90th Birthday Tribute to Ranajit Guha

Ustad Ranajit Guha

Shahid Amin

Shahid Amin is Professor, Department of History, 
University of Delhi

I first met Ranajit Guha in Delhi in1970. I was an undergraduate  reading History; on  leave from the University of Sussex,  Ranajitda was at Delhi School of Economics to research a book on Gandhi. I did not know about A Rule of Property for Bengal then. Dubbed a difficult text concerned with arcane matters, it was not much talked about by our teachers. What really pulled us radical students to Ranajit Guha was his iconoclastic Marxism. We  often gathered at his flat in  Riveria Apartments on Mall Road and subsequently at  24 Cavalry Lines,  where we would  parse an important article from Samar Sen’s Frontier, the fearless weekly  published from Calcutta. ‘On Culture and Torture’, Frontier, January 1971, was my first encounter with Ranajitda’s astringent prose.
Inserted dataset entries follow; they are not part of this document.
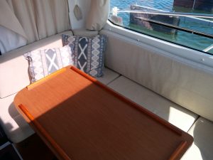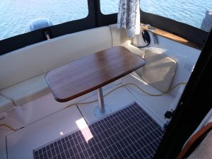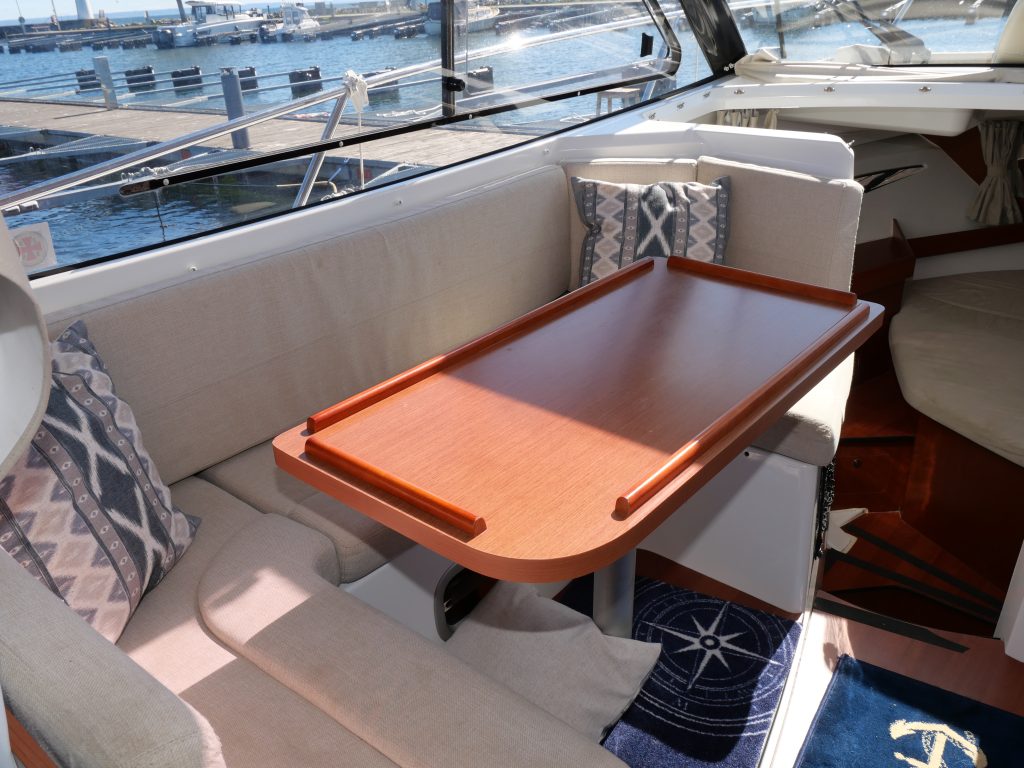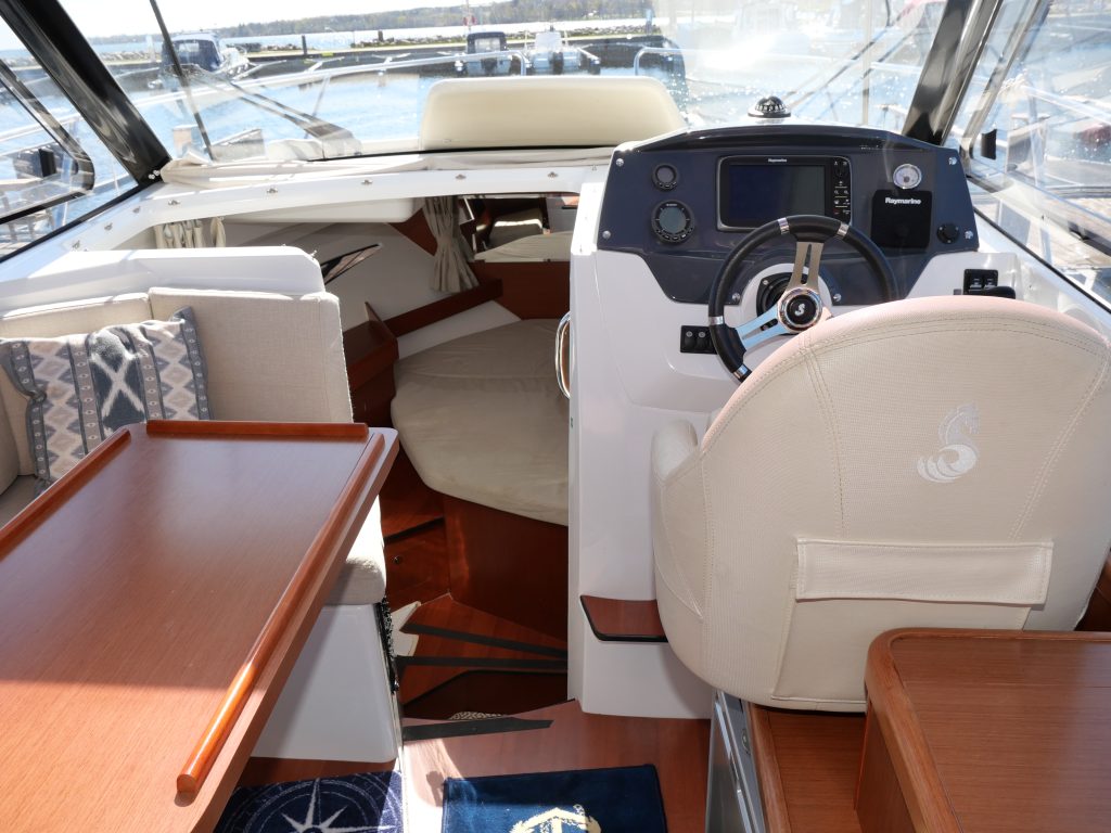 I salong panorama utsikt 360grader där bordet kan sänkas ner och få ytterligare en bädd. På styrbordsidan styrplats och pentry med kylskåp. När man öppnar skjutdörrarna mot akterdäck får man en fin altan med akter soffa som är inklädd med ett nytt kapell . Dubbla ankarspel, bogpropeller, värmare, kyl, plotter . autopilot och vad mer kan man önska sig.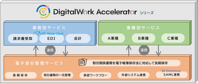 「DigitalWork Accelerator」シリーズは、電子帳簿保存法に対応した電子取引管理サービス、請求書受取サービスに加え、業務別アプリケーション・業種向けサービスを連携させることで、DX 推進と業務変革の実現を支援するクラウドサービスです。企業の「情報資産」であるドキュメントを安全に管理・保存し、多様な手段で適切に分類・検索できる環境を提供します。さらに、複合機やさまざまなサービスと連携し、社内外の情報をスムーズに活用可能な「価値ある資産」へと変革します。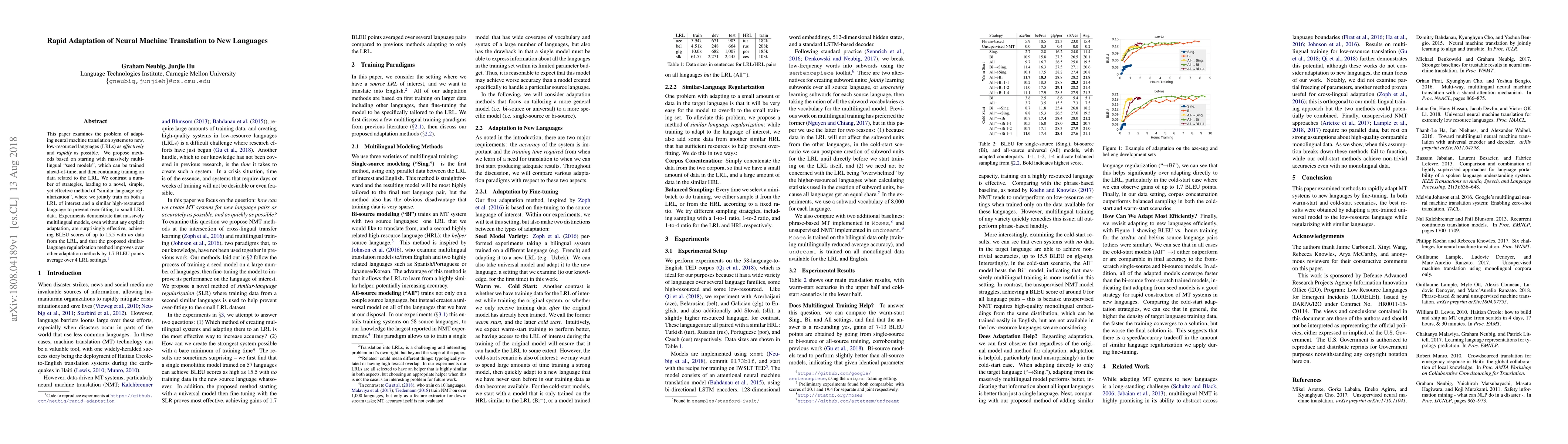 This paper proposes methods for rapidly adapting neural machine translation systems to low-resourced languages using massively multilingual seed models and a novel "similar-language regularization" technique. Experiments show that these approaches achieve effective translations with minimal LRL data, improving BLEU scores by up to 1.7 points on average.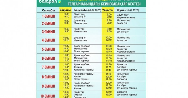 مەكتەپ وقۋشىلارىنا 9-10 ساۋىرگە ارنالعان بەينەساباقتار كەستەسى

             As a Ph.D. student  in England I met Ranajit Guha frequently. Two conversations from the mid-1970s  are still fresh in my mind. I was waxing expansively one evening  about my proposed thesis on  peasant economy and peasant politics in colonial North India. Ranajitda waited for the clatter of the Brighton-Lewis train that passed by his house on Egginton Road to die down. ‘But aren’t you ignoring the ornaments worn  by the women of the region?’ he responded with mock seriousness. ‘Why do you want to do a flabby thesis? Why not focus on  one   important crop, and see where it takes you?’ Collecting  a large amount of   material at the India Office Library and the provincial and district repositories was difficult enough; writing a connected narrative seemed like an impossible task. Thesis-writer’s cramp had set in. Ten pence coins on  the ready, I dialled Ranajit Guha  from a telephone booth. ‘Ranajitda, I have been trying very hard but I just can’t write.’ ‘That’s good, it means you have something to say’, were Ranajit Guha’s reassuring words.

            I converted  the thesis into a book manuscript and sent it to Ranajitda for his comments. Here are excerpts from a three-page letter that I received  in the spring of 1981:

I do think it is necessary to introduce in our work concepts … which can add  rigour to the writing of history. In fact I am sick of the cult of comfortable prose, the one that flows like sugarcane juice, and makes up Indian historiography the feeding bottle on which to suck infantile academic minds and put them gently to sleep … No, I am not asking you to indulge in comfortable prose … We do need conceptual rigour … But however rigorous the thinking, hence the writing, it can hardly dispense with the need for lucidity. 

In guru-shishya tradition I pass on the same advice to my Ph.D. students at Delhi University.